I find it fun to follow whorls and eddies that mark the chaotic patterns of the interconnectedness of topics online. Follow the links and who knows where you might end up. Via SusanG's front page "Open Thread and Diary Rescue" on Daily Kos, I was led to Troutfishing's diary, "Fake History 'Bible Course' Now in 382 School Districts," which admirably shines a spotlight on "The National Council On Bible Curriculum In Public Schools (NCBCPS), a stealth effort associated with the far right Council On National Policy," as examples of the religious right's efforts to spread a false historical narrative--a type of political propaganda, ideology-based and manipulative--in which America's founders intended the republic's laws and culture to forever expressly favor Christians and be influenced by conservative Christianity. Troutfishing:
Over the past two decades the creation of revisionist historical works claiming America's founders intended the US as a "Christian Nation" has turned into a booming cottage industry. Meanwhile, esteemed and tenured American historians at the nation's finest Universities have almost completely neglected to address the spread of a fabricated, mythologized Christian right historical narrative on America's alleged origins. That's a shame, because over the past several years a well funded, politically connected, organized effort has succeeded at inserting its course curriculum featuring that fake history into possibly hundreds of American public schools from Texas to New Jersey.

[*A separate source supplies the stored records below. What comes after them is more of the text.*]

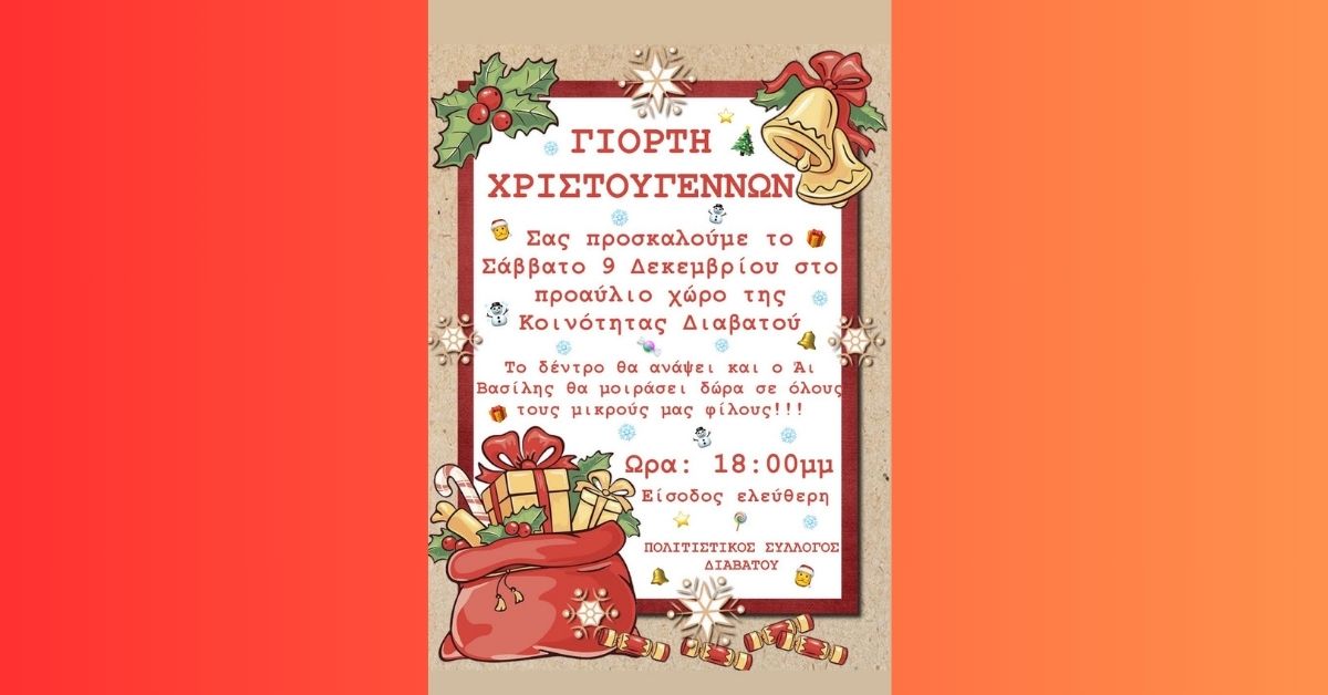 Σας προσκαλούμε τo Σάββατο 09/12/2023 και ώρα 18:00 μ.μ στη Πλατεία της Τοπικής Κοινότητας Διαβατού, στην έναρξη των εορταστικών μας εκδηλώσεων,
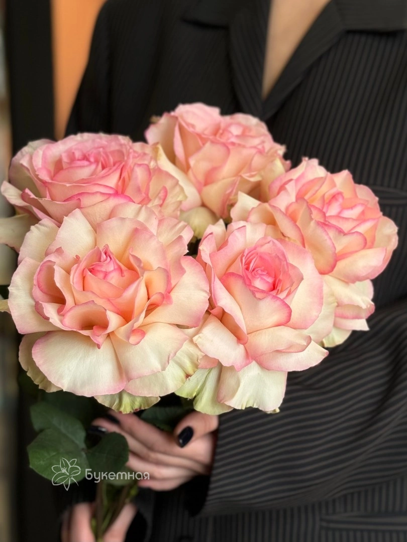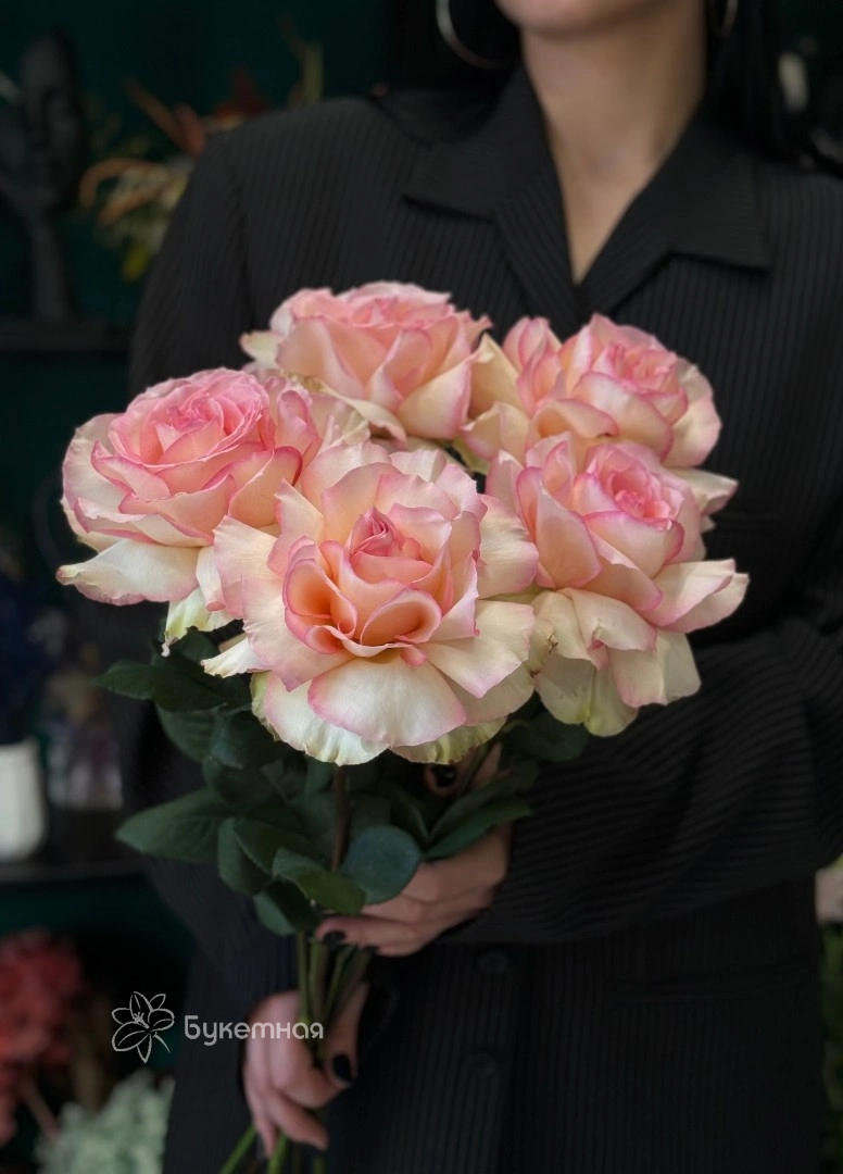 Каждая роза раскрывается в пышный бутон с переливами розового оттенка, создавая атмосферу нежности и изысканности.
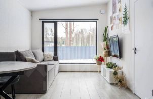Кухня-гостиная: панорамные окна, раскладной диван, ТВ с подпиской на Кинопоиск, настольные игры, колонка Алиса.
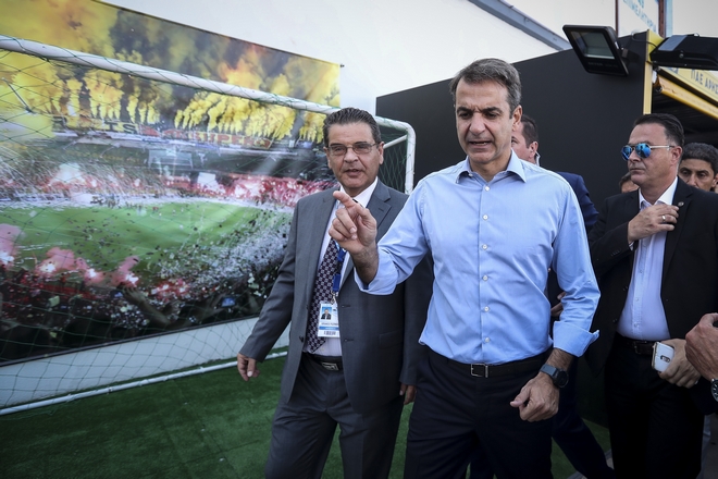 Τον πρόεδρο της ΝΔ υποδέχθηκε ο πρόεδρος της ΠΑΕ Άρης, Θόδωρος Καρυπίδης στο περίπτερο της ομάδας στη ΔΕΘ.

As political propaganda, what this fake history concludes with is America's moral decline precipitated by our apparently ever-more vehement rejection of the founders' intentions for a Christian America: i.e., everything wrong in America today is the result of secular humanists' influence. Apparently, their influence even on the Supreme Court, since that body's decision that the devotional use of the bible is not permitted in public schools is would-be evidence these propagandists and false historians cite. (Devotional use of the Bible in school is correctly forbidden. Nonetheless, the academic study of the Bible is prudent, because the Bible has influenced politics, art, literature, music, and so very much else for centuries. That's why it's great that the comments following Troutfishing's diary led me to The Bible Literacy Project.)
And Troutfishing's diary included a link to Liars for Jesus, a book about the religious right's ongoing efforts to spread their false narrative. (The book is available through Amazon.com.)